Management of Arch Hypoplasia After Successful Coarctation Repair

Departments of Thoracic-Cardiovascular Surgery and Pediatrics, Stritch School of Medicine, Maywood, Illinois

Accepted for publication October 18, 1996.

	Abstract

Top Footnotes Abstract Introduction Material and Methods Results Comment Acknowledgments References

 
Background. Pronounced arch obstruction can be seen after a well-repaired coarctation, and this probably results from the failure of a somewhat hypoplastic arch to grow or from clamp injury at the time of the initial repair, or from both causes. Because of mediastinal adhesions and minimal collateral circulation, use of extraanatomic bypass grafts appears to be the preferred approach.
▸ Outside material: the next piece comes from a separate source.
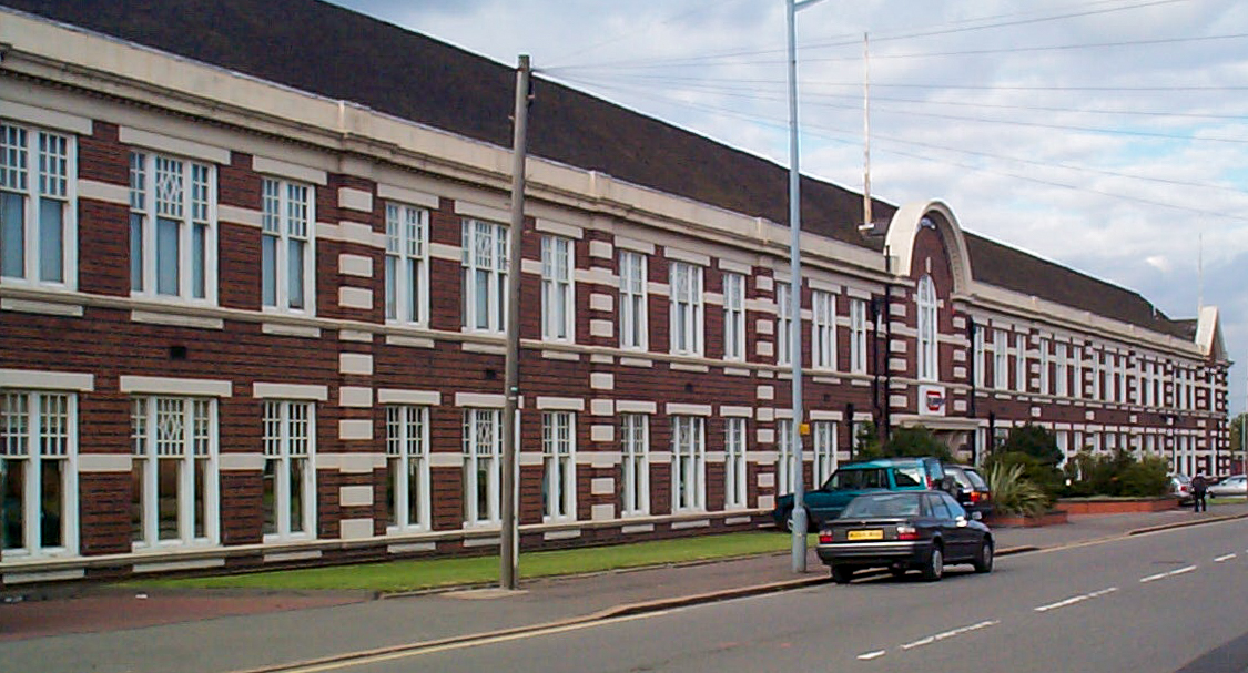 A factory frontage in Drews Lane, Ward End, Birmingham, England in October 2000. At the time the photo was taken, the factory was the main plant of the van maker LDV. Since the demise of LDV in 2008, this building has been demolished and the site cleared for redevelopment. The factory was built in 1913, During its life, the plant was used as: the assembly plant of Wolseley Motors until 1948 the transmission plant for the British Leyland (BL) Austin-Morris division from 1968 the van production for BL from 1972, evolving into Freight Rover the van production centre for the commercial vehicle company Leyland DAF from 1987 the van business for the independent LDV following the collapse of Leyland DAF in 1993

Methods. Six children or young adults presented with arch obstruction over a 3-year period. Their mean age was 13.5 ± 4 years, and the mean interval from the time of the initial repair was 10 ± 4 years. The mean age of the patients at the time of the initial repair was 3.2 ± 5 years. Symptoms included exertional headache and chest pain. The mean systolic gradients, as shown by echocardiography and cardiac catheterization, were 34 ± 7 mm Hg and 33 ± 6 mm Hg, respectively. Repair was accomplished through a midsternotomy using a polytetrafluoroethylene patch placed in the concavity of the arch, which extended from the ascending to the descending aorta. Dissection was kept close to the aorta and arch to minimize injury to the phrenic and recurrent laryngeal nerves. Cardiopulmonary bypass and moderate hypothermia (25° to 27°C bladder temperature) without circulatory arrest were used.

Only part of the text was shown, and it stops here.